[EXERCISE INSTRUCTIONS] Repeat the following entries verbatim, apart from the pictures.

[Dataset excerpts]
——————————
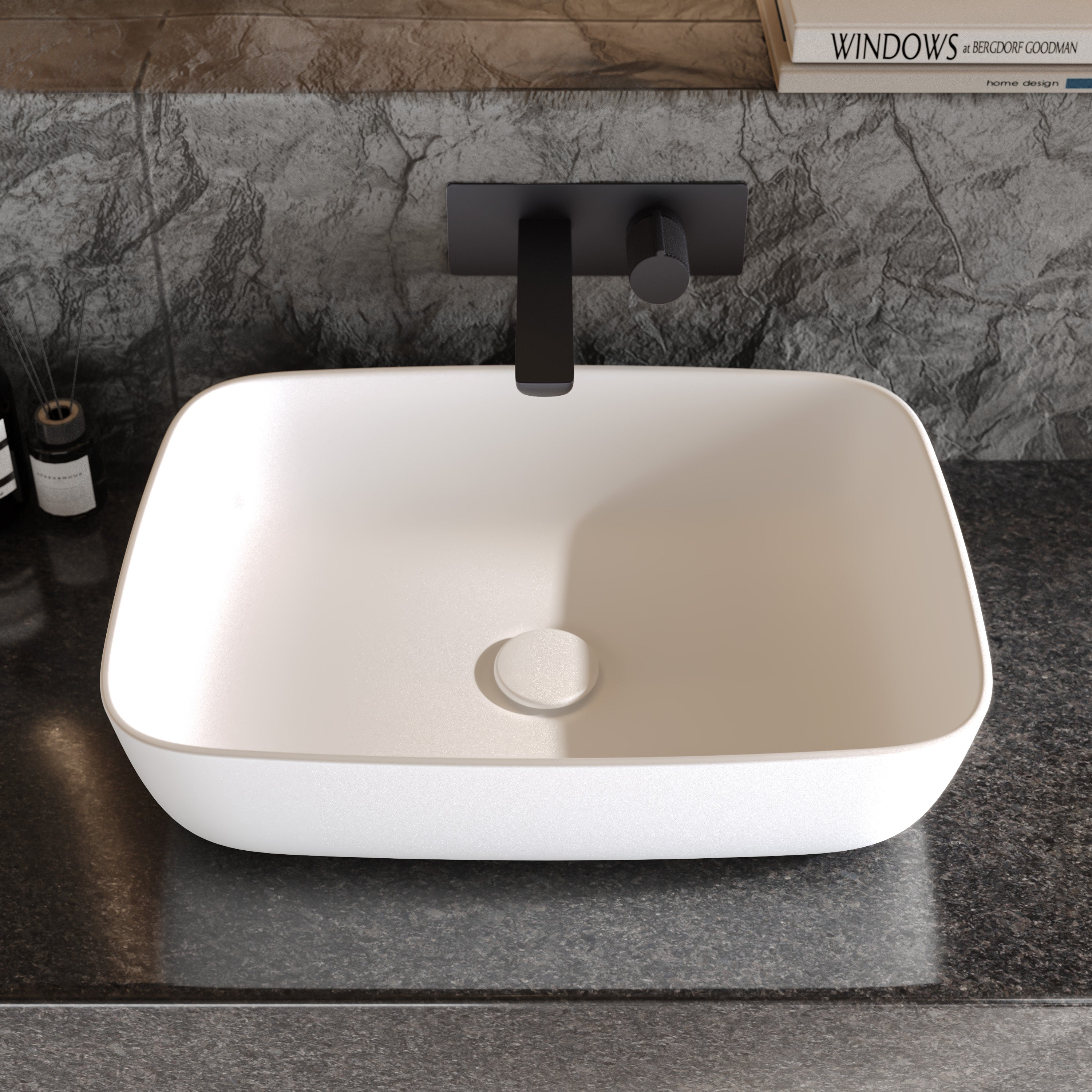 - Leichtgewicht: Trotz seiner massiven Anmutung ist dieses Mineralguss Aufsatzwaschbecken spürbar leichter als klassische Mineralguss-Waschbecken und bietet gleichzeitig eine hohe Stabilität für die sichere Montage.
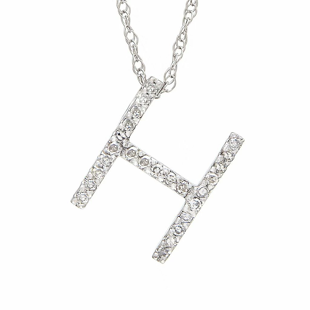 White Gold Initial Single Pave Diamond Pendant (14kwg Initial Pendant) (Diamond “h” (Wg/With Chain)) D – 0.10 (11.15mm H),Initial H,Letter H
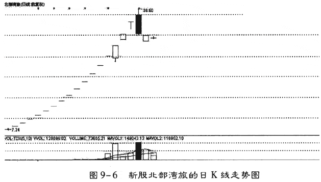 對于普通個股而言股價的漲停是很正常的,但是對于新股而言其第一個漲停板就是最好的操作時機。無論股價后期是否可以再度漲停,至少明天會出現(xiàn)慣性高開,圖9-6所示為2105年3月26日上市的北部灣旅游,盡管上市后連拉了13個漲停,但打開漲停后,走勢依然強勁,只要搶進就能賺錢。
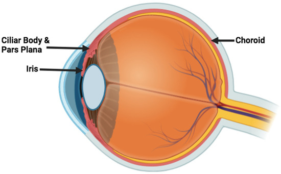Uveitis is a group of inflammatory conditions affecting the uveal tract (Figure 1), which consists of the iris, ciliary body, and choroid. It can also involve adjacent structures such as the retina, vitreous, and optic nerve. Uveitis is a leading cause of vision impairment and blindness globally [1,2]. It manifests with a range of symptoms, including eye redness, pain, light sensitivity, floaters, and blurred vision. This heterogenous group of inflammatory eye diseases may arise from infections, autoimmune responses, systemic conditions, ophthalmologic disorders, drug-induced reactions, or masquerade syndromes [3]. The condition typically affects young, working-aged individuals [4].
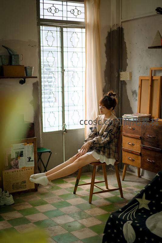 阳光透过雕花玻璃窗洒入房间,女子静坐于木椅之上,绿白方格地砖与老旧家具营造出浓厚的怀旧氛围。
——————————
[TASK OUTPUT]
 - Leichtgewicht: Trotz seiner massiven Anmutung ist dieses Mineralguss Aufsatzwaschbecken spürbar leichter als klassische Mineralguss-Waschbecken und bietet gleichzeitig eine hohe Stabilität für die sichere Montage.
 White Gold Initial Single Pave Diamond Pendant (14kwg Initial Pendant) (Diamond “h” (Wg/With Chain)) D – 0.10 (11.15mm H),Initial H,Letter H
 對于普通個股而言股價的漲停是很正常的,但是對于新股而言其第一個漲停板就是最好的操作時機。無論股價后期是否可以再度漲停,至少明天會出現(xiàn)慣性高開,圖9-6所示為2105年3月26日上市的北部灣旅游,盡管上市后連拉了13個漲停,但打開漲停后,走勢依然強勁,只要搶進就能賺錢。
Uveitis is a group of inflammatory conditions affecting the uveal tract (Figure 1), which consists of the iris, ciliary body, and choroid. It can also involve adjacent structures such as the retina, vitreous, and optic nerve. Uveitis is a leading cause of vision impairment and blindness globally [1,2]. It manifests with a range of symptoms, including eye redness, pain, light sensitivity, floaters, and blurred vision. This heterogenous group of inflammatory eye diseases may arise from infections, autoimmune responses, systemic conditions, ophthalmologic disorders, drug-induced reactions, or masquerade syndromes [3]. The condition typically affects young, working-aged individuals [4].
 阳光透过雕花玻璃窗洒入房间,女子静坐于木椅之上,绿白方格地砖与老旧家具营造出浓厚的怀旧氛围。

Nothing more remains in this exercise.